═══ RECORDS PROVIDED

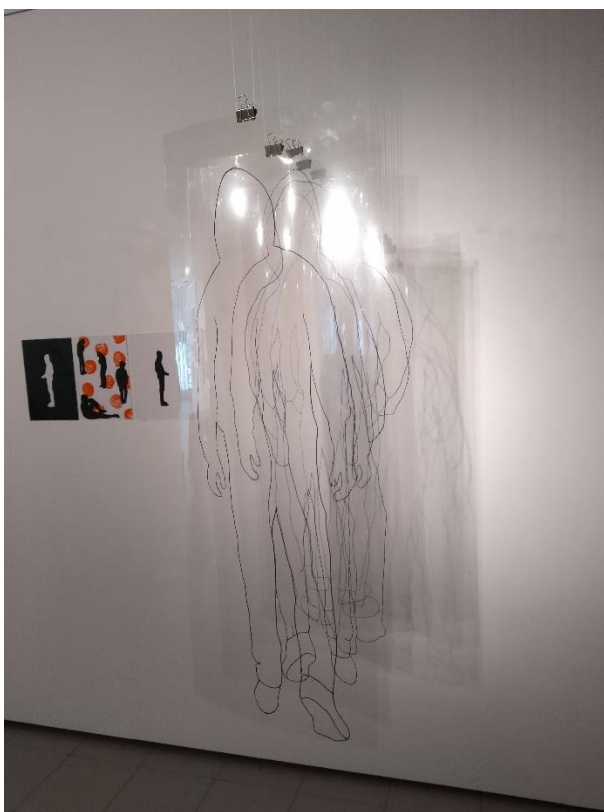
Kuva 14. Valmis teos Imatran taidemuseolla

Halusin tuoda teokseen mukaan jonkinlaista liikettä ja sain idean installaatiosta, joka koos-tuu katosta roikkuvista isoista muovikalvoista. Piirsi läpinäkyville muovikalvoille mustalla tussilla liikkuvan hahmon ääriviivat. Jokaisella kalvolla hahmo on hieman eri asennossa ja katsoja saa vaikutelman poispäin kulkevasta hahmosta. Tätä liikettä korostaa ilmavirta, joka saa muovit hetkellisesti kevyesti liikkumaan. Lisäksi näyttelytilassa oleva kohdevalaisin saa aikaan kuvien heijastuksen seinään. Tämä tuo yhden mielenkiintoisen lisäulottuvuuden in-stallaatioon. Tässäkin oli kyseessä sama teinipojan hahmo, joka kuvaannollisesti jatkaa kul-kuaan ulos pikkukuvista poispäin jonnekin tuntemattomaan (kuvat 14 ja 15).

══════
═══ RECORDS PROVIDED

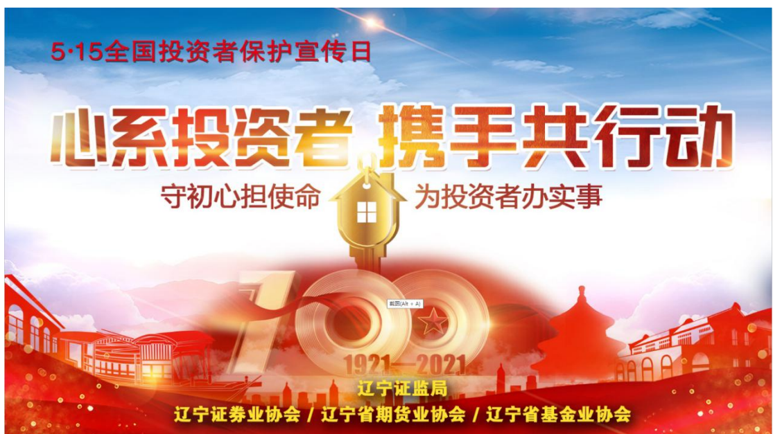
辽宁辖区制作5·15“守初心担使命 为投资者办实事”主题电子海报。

══════
═══ RECORDS PROVIDED

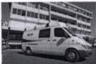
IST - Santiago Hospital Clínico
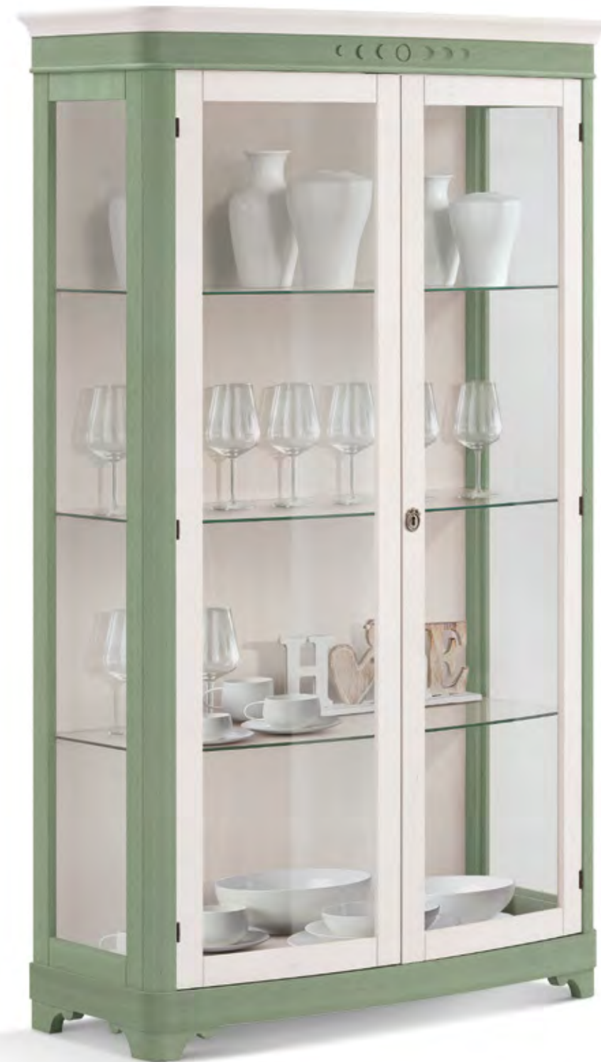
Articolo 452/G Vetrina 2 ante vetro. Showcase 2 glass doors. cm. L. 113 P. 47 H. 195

══════

* WORK REQUIRED *
Could you transcribe exactly the entries above, but only the lines from the one with "IST - Santiago Hospital Clínico" through the one with "Articolo 452/G Vetrina", and without pictures?

* WRITTEN ANSWER *
IST - Santiago Hospital Clínico
Articolo 452/G Vetrina 2 ante vetro. Showcase 2 glass doors. cm. L. 113 P. 47 H. 195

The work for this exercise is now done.